It was one of those occasions when a man may live a lifetime in a minute. With a mighty rush his thoughts flew back to the last time he had heard that step. What goodness, what hope, what love did it not bring back to his life! He had taken it all for granted, and thought so little of it; but now, after months of loveless, cheerless drudgery and disappointment, that light step fell with a music which flooded his whole soul.
He sat almost spell-bound as the street-door closed and the steps ascended the stairs. The room seemed to swim round him, and to his broken nerves it seemed for a moment as though he dreaded rather than longed for what was coming. But as the door opened the spell broke and all the mists vanished; he was his own self once more—nothing but the long-lost boy springing to the arms of the long-lost mother.
“Mother!”
“My boy!”
That was all they said. And in those few words Reginald Cruden’s life entered on a new era.
When Horace half an hour later came flying on to the scene they still sat there hand in hand, trying to realise it all, but not succeeding.
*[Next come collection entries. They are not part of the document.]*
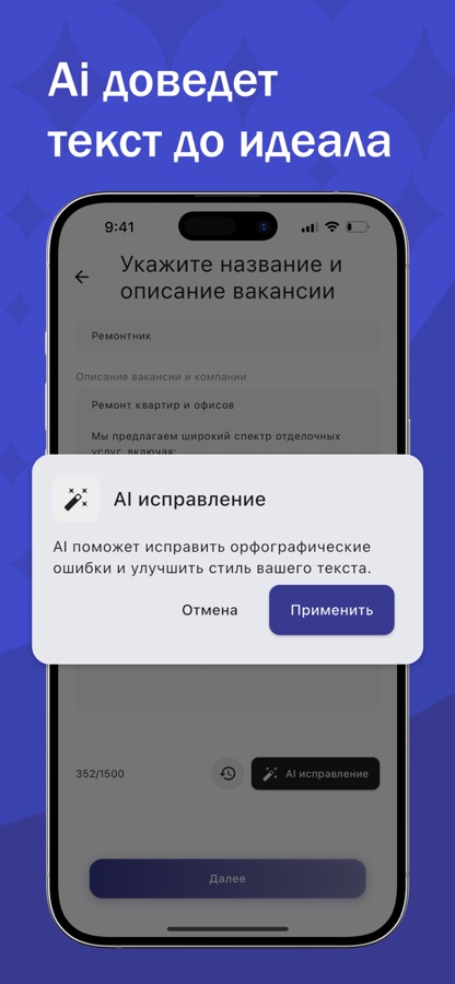 Создавайте вакансии, резюме или объявления о подработках мгновенно. Интуитивные формы, умные подсказки и готовые шаблоны — процесс занимает считанные минуты.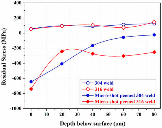 Residual stress distribution in the SS 304 and SS 316 weld joints and weld joints that underwent MSP. Reproduced with permission from [51].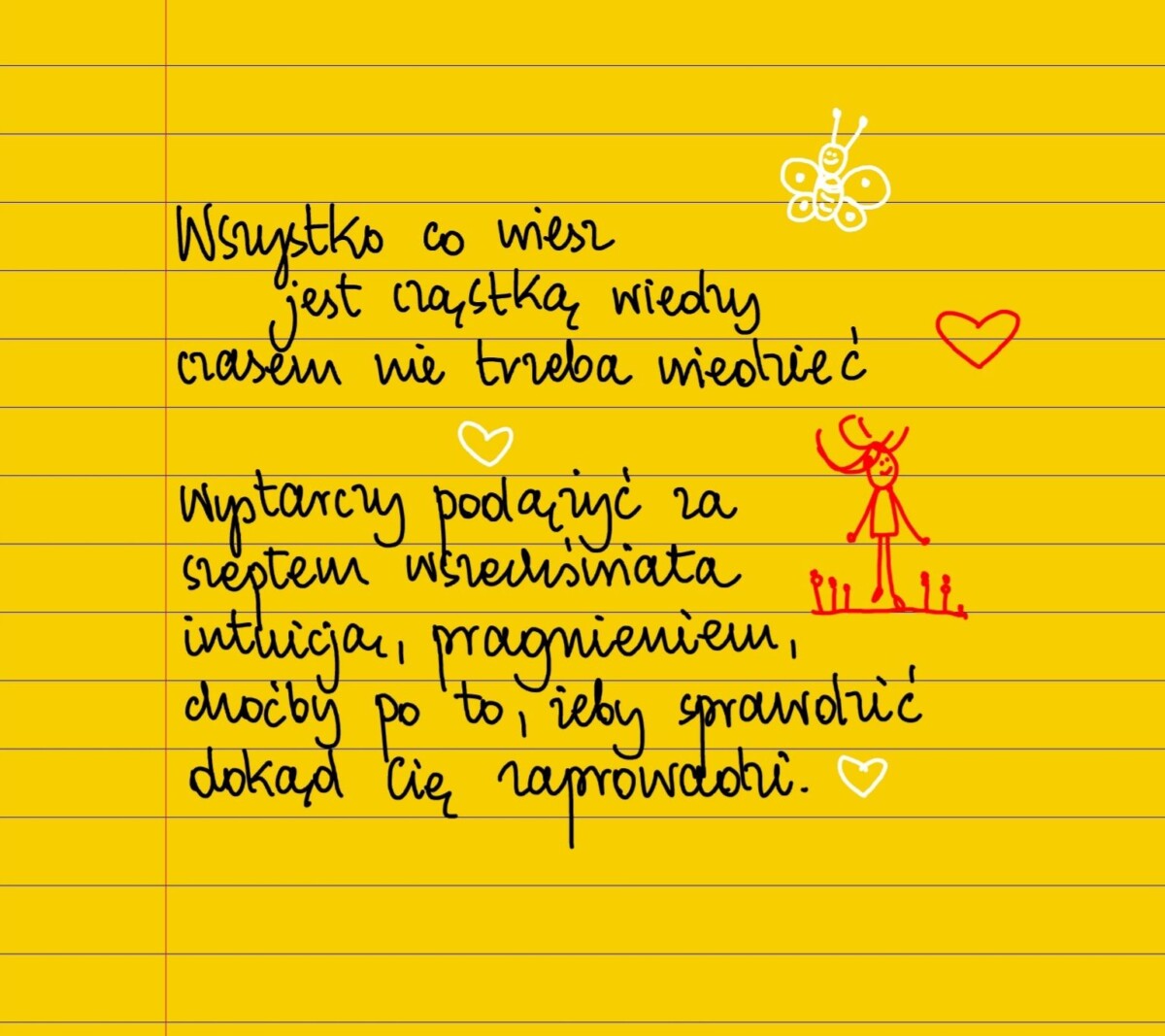 Wszystko co wiesz jest cząstką prawdy. Czasem nie trzeba wiedzieć. Wystarczy podążyć za szeptem wszechświata  intuicją,  pragnieniem, choćby po to, żeby zobaczyć dokąd cię zaprowadzi.
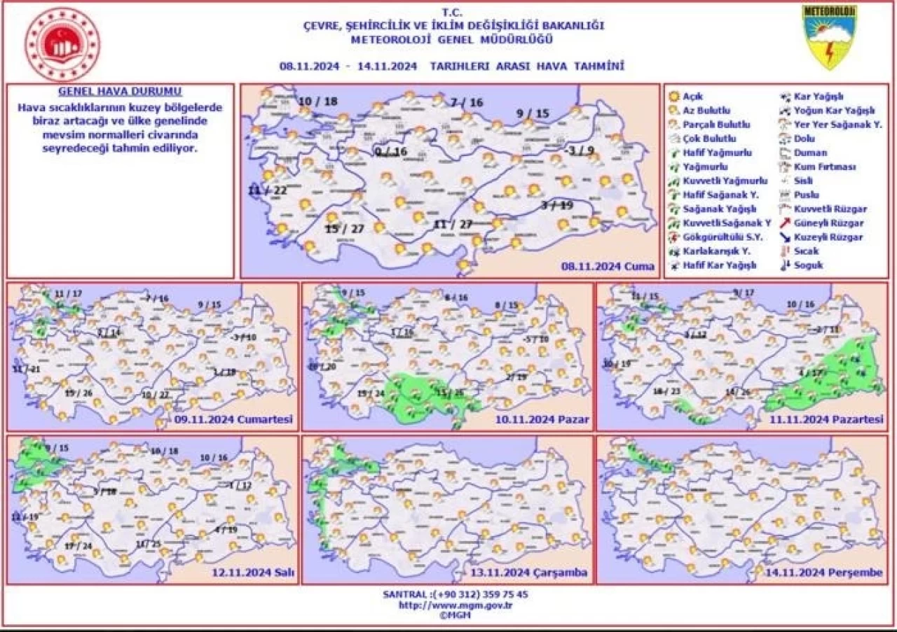 Meteoroloji Genel Müdürlüğü tarafından yapılan son tahminlere göre: Ülkemiz genelinde yağış beklenmiyor. Yurdun kuzey kesimlerinin parçalı bulutlu, diğer yerlerin az bulutlu ve açık geçeceği tahmin ediliyor. Sabah ve gece saatlerinde kuzey ve iç kesimlerde yer yer pus ve sis bekleniyor.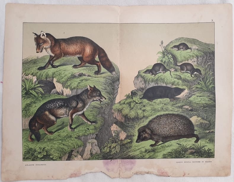 Bella incisione in cromolitografia del 1890 circa che rappresenta: sciacallo, riccio, toporagno, talpa Planche estratta da libro. AUTORE: Ferdinando Sordelli ATLANTE: Storia naturale dei mammiferi. Milano Ulrico Hoepli editore <BR>TECNICA: Cromolitografia DIMENSIONI FOGLIO: cm 33x42,5 DIMENSIONI INCISIONE: cm 26x36 EPOCA: 1890 circa In discrete condizioni, qualche fioritura. Gora d'umidità e parti mancanti al margine inferiore.Nice chromolythograph of 1890 circa representing: jackal, hedgedog, shrew, capacity<BR>Planche removed from a book In fair conditions, foxings. Water stain missing parts in the lower edge. AUTHOR: Ferdinando Sordelli ATLANTE: Storia naturale dei mammiferi. Milano Ulrico Hoepli editore TECHNIQUE: chromolythography LEAF SIZE: cm 33x42,5 PRINT'S SIZE: cm 26x36 PERIOD: 1890 circa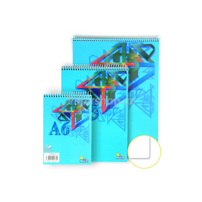 Blok A6 čistý so špirálovou väzbou hore, biely papier, 70 dierovaných listov s perforáciou pozdĺž hornej strany.

Horace, however, helped them back to speech, and far into the night they talked. About ten o’clock Harker looked in for a moment, and after them young Gedge, unable to wait till the morning. But they stayed only a moment, and scarcely interrupted the little family reunion.
What those three talked about it would be hard for me to say. What they did not talk about in the past, the present, and the future would be almost easier to set down. And when at last Mrs Cruden rose, and in her old familiar tones said,—
“It’s time to go to bed, boys,” the boys obeyed, as in the days long ago, and came up to her and kissed her, and then went off like children, and slept, like those who never knew what care was, all the happy night.